Root causes of non-interoperability

  1. Non-deterministic output: Two UEs running nominally the same AI model on different hardware (different NPU architectures, different floating-point rounding) may produce subtly different CSI feedback vectors. The gNB's decoder, optimized for a specific encoder, may fail to reconstruct the channel accurately from the "wrong" encoder's output. This breaks the fundamental assumption of 3GPP CSI standardization, where a known codebook guarantees decoder-side reconstruction.
  2. Model versioning: A gNB deployed by Vendor A ships a specific encoder model. A UE deployed by Vendor B ships a different encoder trained on different data. Even if both claim "3GPP Rel-18 AI CSI", they are not interoperable. The standard currently has no mechanism for model identity negotiation.
  3. Inference endpoint negotiation: For CSI feedback, should the encoder run at the UE (on-device inference, low latency) or at the gNB (model fully known, no interoperability issue)? For channel estimation, should the model run at the UE receiver or be provided as a service by the network? These architectural questions remain open.
  4. Graceful fallback: When the AI procedure fails — due to model mismatch, distribution shift, hardware fault, or deliberate misconfiguration — what is the standardized fallback? Current proposals suggest reverting to legacy (non-AI) procedures, but the triggering condition and transition mechanism are unstandardized.

3GPP working items addressing the gap

Document Scope Status (2024)
TR 22.874 §7 AI/ML model transfer and lifecycle management requirements Complete (Rel-18)
TR 38.843 §8 Standardization impact analysis for UC1/UC2/UC3 Complete (Rel-18)
SA2 WI (Rel-19) AI model metadata format, versioning, fallback procedures In progress
RAN1 WI (Rel-19) Normative CSI feedback AI encoder/decoder interface Study phase
SA1 Release 19 AI model management work item: 3GPP SA1 Release 19 includes a dedicated work item on AI/ML model management that aims to define standard metadata formats, versioning schemes, and fallback mechanisms.

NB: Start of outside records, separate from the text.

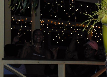 Kaimana sees us and gives a shaka...................................There are a lot of welcome shakas.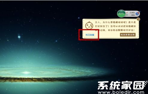 3. 确认隐藏操作:软件会弹出二次确认对话框,以趣味化的文字提示挽留用户。此时需要选择「残忍隐藏」按钮完成最终设置,操作生效后桌面将立即清除该悬浮控件。
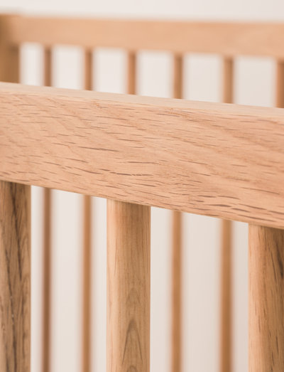 The Latitude crib in solid oak grows with your child from birth. It's a little design treasure from the Nobodinoz furniture range. This magnificent crib is designed for lovers of design and singular pieces. Combining elegance and functionality at every stage, the Latitude range is inspired by Japanese minimalism, an aesthetic reflected in the careful design of its beds. The tatami-like base and rounded, flowing lines create a restful environment full of serenity and style. When baby starts to walk, remove the central bars to allow him to get out of bed easily. When switching rooms, transform your crib into a magnificent junior bed (kit not included): the cotton-corded bedhead adds an incomparable design touch to your children's bedroom. The Latitude collection is the result of a collaboration with French designer Marc Venot. We chose solid oak as our top-of-the-range wood to guarantee elegance, solidity and durability. Dimensions: Crib position: 82 x 152 x 85 cm (total height) - Junior bed position: 82 x 152 x 51 cm Solid oak wood crib Natural: ultra-matte, non-toxic, water-based varnish High end: each bed is meticulously crafted and inspected, combining traditional techniques with advanced technologies to guarantee exceptional quality and finish. Adaptability: Two mattress positions: high and low The central bars are removable to allow baby to get out easily as he begins to walk. Evolving: Thanks to the magnificent evolving kit (not included), this bed can easily be transformed into a junior bed, adapted to your child's growth. Japanese style: Tatami-shaped base and rounded legs for a peaceful, uncluttered bedroom. Standard mattress: 70 x 140 x 15 cm (maximum mattress thickness) (not included) Perforated plywood base for optimal ventilation Cleaning: Regular cleaning is not necessary - gently wipe with a damp cloth - wash the cording with a dab of neutral soap.

This is expected to be the foundation for fully standardized AI procedures in 6G — analogous to how RRC Connection Reconfiguration standardized handover state machines in 4G/5G.

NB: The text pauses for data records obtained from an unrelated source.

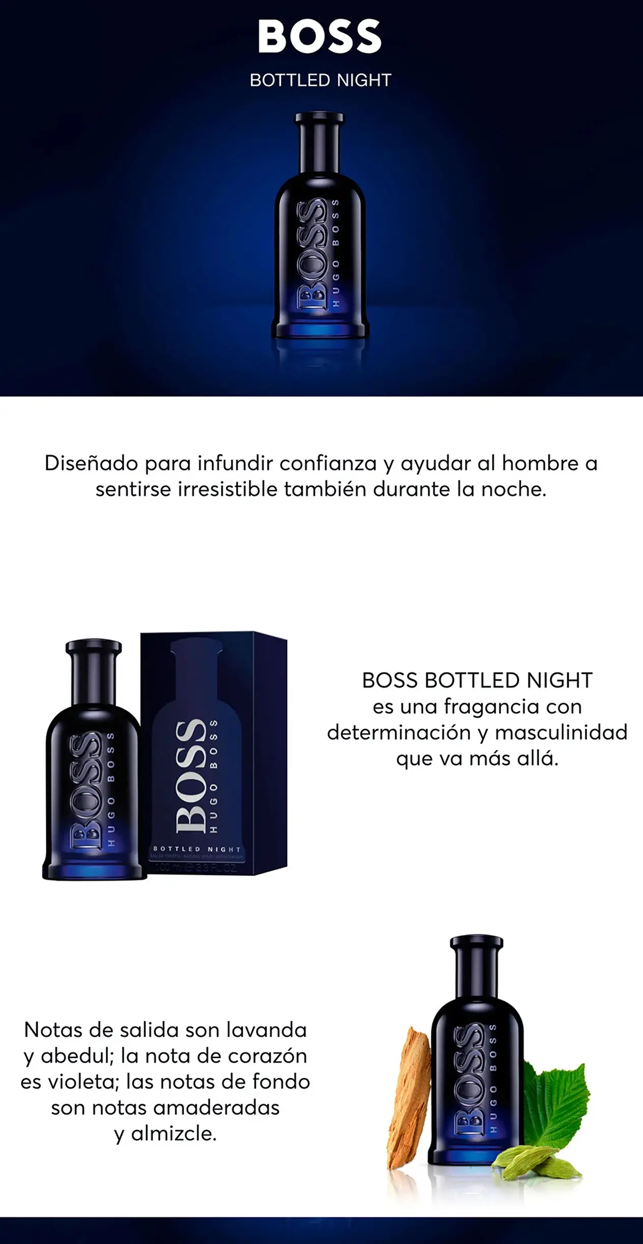 | Más Información | BOSS Bottled Night está destinado a convertirse en el arma secreta en el arsenal de seducción del hombre BOSS: tiene tanto éxito durante la noche como durante el día. El aroma, seductivo, calido y exotico.Una composición única entre elegancia y seducción. Un aroma intenso y especiado con un carácter decidido, vanguardista y masculino. Las maderas son clave en la fragancia: BOSS Bottled Night presenta una réplica aromática de una nueva madera rica y exótica, Louro Amarelo. |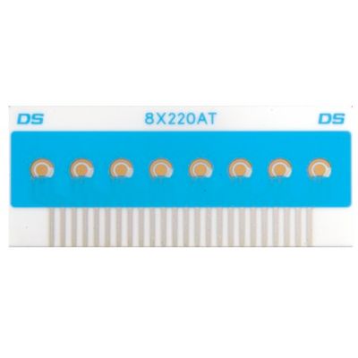 8X Screen-Printed Gold Electrode (Aux.:Au; Ref.:Ag) Screen-printed electrochemical array formed by eight 3-electrode electrochemical cells. Specially designed for the development of multiple simultaneous analysis.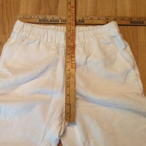 These J Crew Seaside Linen Blend Pants in white are perfect for a beach jogger style with an elastic waist for comfort and ease of movement. Made with a linen and lyocell blend, they are lightweight, breathable, and easy to care for with machine washable instructions. The mid-rise fit and tapered leg give them a trendy and versatile look suitable for casual and travel occasions in all seasons. With a waist size of 27 inches and a size 4, these pants are a stylish addition to any wardrobe, ideal for those who appreciate a blend of comfort and fashion.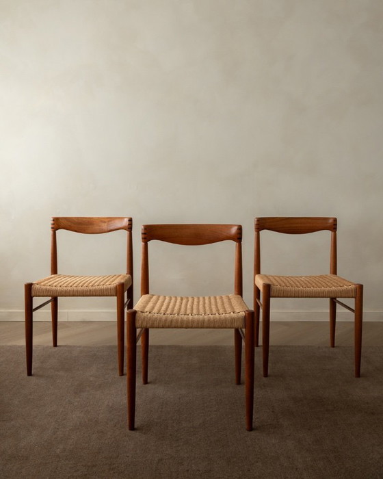 This set has a particularly warm, easy presence. The teak has a rich tone, and the woven paper cord seats suit the design beautifully. Around a teak or oak dining table, in a more classic Danish interior, or even in a quieter contemporary space, they bring exactly the kind of honest materiality that makes vintage Danish furniture so enduring. With only three chairs, this set is especially well suited as a flexible breakfast-table group, desk chairs, or to mix with a larger dining set.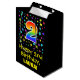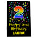 Den här färgstarka, spännande och klara presentsäcksdesignen för födelsedagspressar har ett stort nummer "2" med en regnbågsspektrumövertoning som inspirerade mönster, tillsammans med meddelandet "Lycklig 2:a födelsedagen" och ett anpassade som tar emot namn. Den har också en bakgrund i mönster med stjärnformer av olika storlek och färg. En dylik presentsäck på födelsedagen kan vara ett roligt sätt att slå ihop en gåva eller present som ges till någon som firar sin andra födelsedag. [~Z0000510]

The open question that will define the architecture of 6G AI: should 3GPP standardize the interface (encoder output format, as in today's codebook feedback), the training procedure (dataset, loss function, evaluation metric), or the model itself (fixed binary weights delivered over OTA update)? Each choice has profoundly different implications for vendor differentiation, update agility, and certification burden.

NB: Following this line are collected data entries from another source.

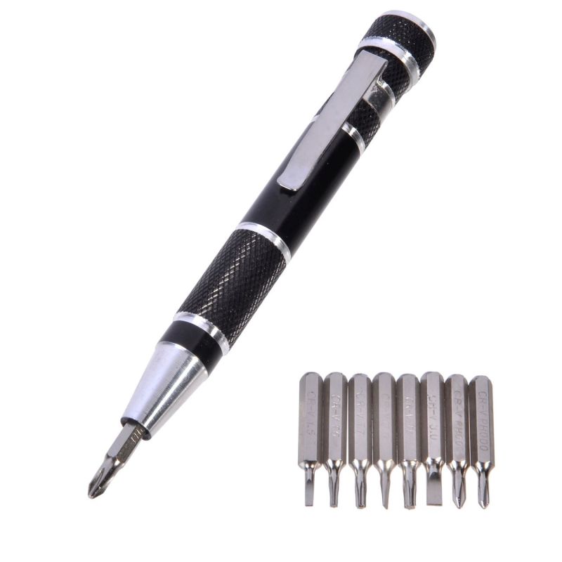 Мултифункционална отвертка в формата на писалка с 9 сменяеми магнитни кръстати и плоски накрайника за универсална употреба.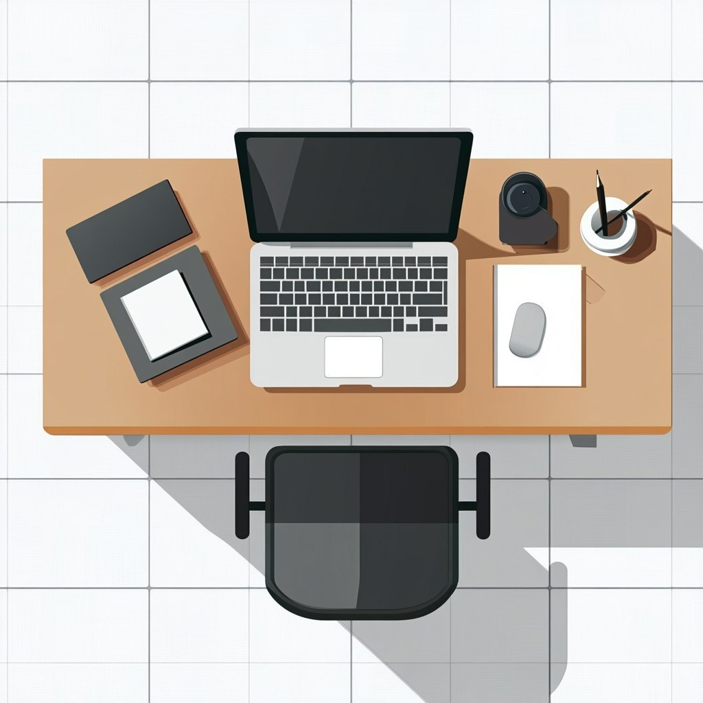 Создано на основе запроса: a top view of a vector table with a laptop and office utilities on it with fine tiles under the table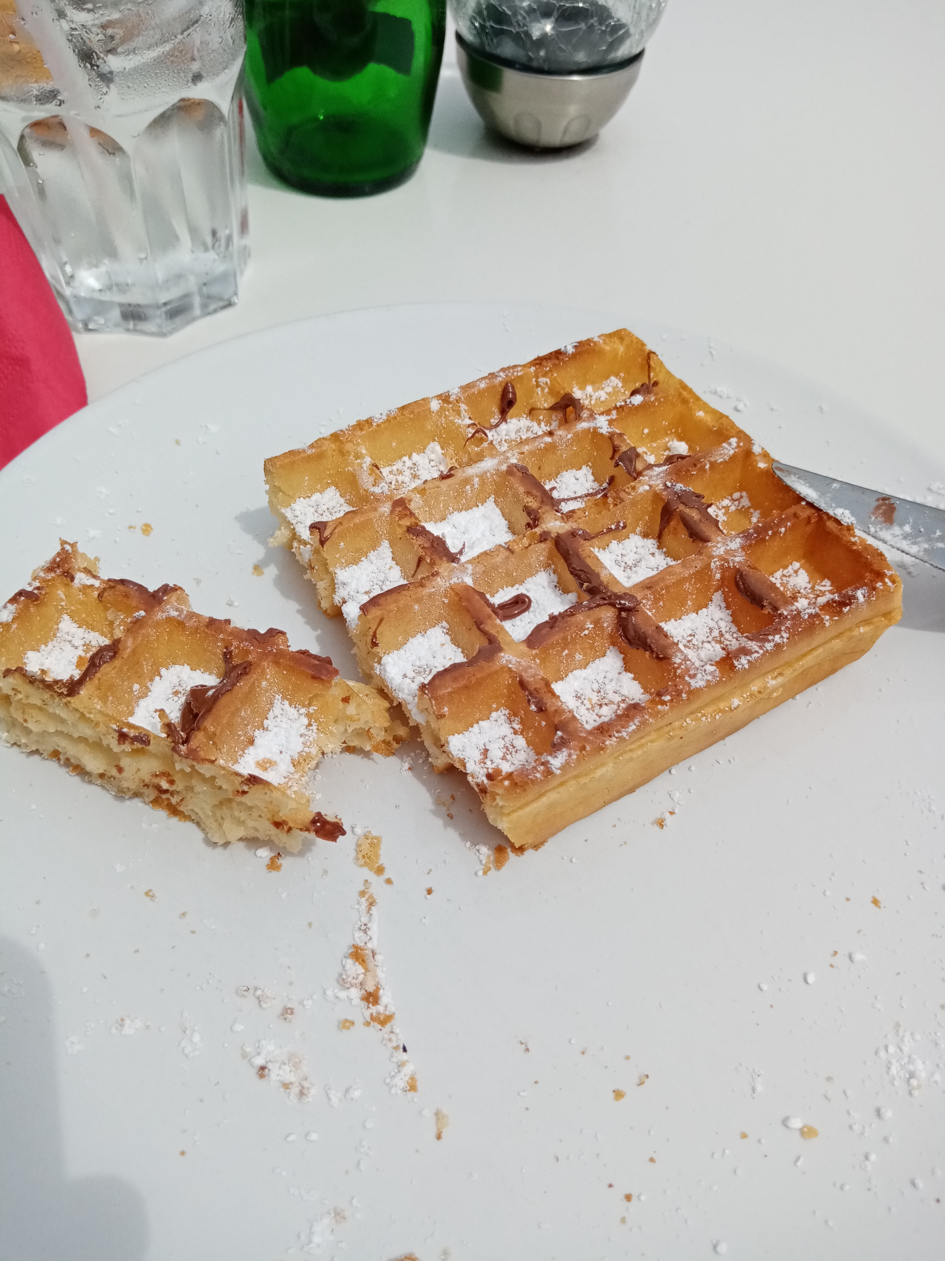 Cadre agréable non loin de la mer et sur une aire de détente et patron sympa. Nous avons juste goûté les gauffres, excellentes !

15.3 Computational and Energy Constraints

AI inference at the PHY layer (L1) is not a background task — it sits on the critical timing path. A 5G NR slot is 0.5–1 ms (depending on numerology), and channel estimation or CSI feedback must complete within a fraction of that budget. This imposes hard real-time constraints on AI inference that are fundamentally different from the datacenter inference workloads for which most deep learning hardware is designed.

Compute requirements

Consider a representative NN channel estimator: 3 dense layers, 200K parameters, Float32 arithmetic. Per-inference floating-point operations:

Eq. 15.2 — Inference FLOP Budget
$$\text{FLOP}_{\text{inference}} \approx 2 \times N_{\text{params}} = 4 \times 10^5 \;\text{FLOP}$$

At a slot duration of 0.5 ms and assuming inference must complete in 50% of slot time:

Eq. 15.3 — Required Throughput for Inference
$$\text{Required throughput} = \frac{4 \times 10^5 \;\text{FLOP}}{0.25 \times 10^{-3} \;\text{s}} = 1.6 \;\text{GFLOPS}$$

This is well within current UE SoC capability (representative mobile SoC: 2–5 TOPS). However, the situation is more demanding for larger models or when multiple UEs share a gNB processing pool: with 256 simultaneous UE streams, gNB-side inference demand reaches 400+ GFLOPS, requiring dedicated AI accelerators.

Energy cost at the UE

Current NPU efficiency (2024 generation): ~1 TOPS/W. For a 200K-parameter NN:

  • Per-inference energy: ~0.4 mJ
  • At 2000 inferences/s (one per slot): 800 mW
  • UE power budget for radio: ~500–1000 mW total

This means AI inference at full rate consumes a significant fraction of the entire UE radio power budget — before accounting for RF chain, baseband DSP, and application processor. Models must be aggressively compressed.

Compression techniques:

  • Quantization (INT4/INT8): 4–8× reduction in compute and memory; typically <2% accuracy loss for well-calibrated models
  • Pruning: Remove >90% of weights with <1 dB NMSE penalty for structured channel estimators
  • Knowledge distillation: Train a small "student" model to mimic a large "teacher"; student can be 10× smaller with 80% of the performance gain
  • Early exit: 60% of inputs (easy channel conditions) exit at layer 3; only hard cases traverse full depth — reduces average compute by 2–3×
Key insight: The energy bottleneck is more constraining than the compute bottleneck. Hardware-software co-design — where the model architecture is designed with the NPU's specific dataflow in mind — can recover 2–4× efficiency vs. architecture-agnostic design. This argues for standardizing model architectures (not just interfaces) to enable hardware-specific optimization across the vendor ecosystem.

15.4 Privacy and Security

Federated learning and AI-assisted network operation introduce attack surfaces that have no analogue in classical wireless system design. The wireless channel itself can be used as both an attack vector and a side-channel for exfiltrating model information.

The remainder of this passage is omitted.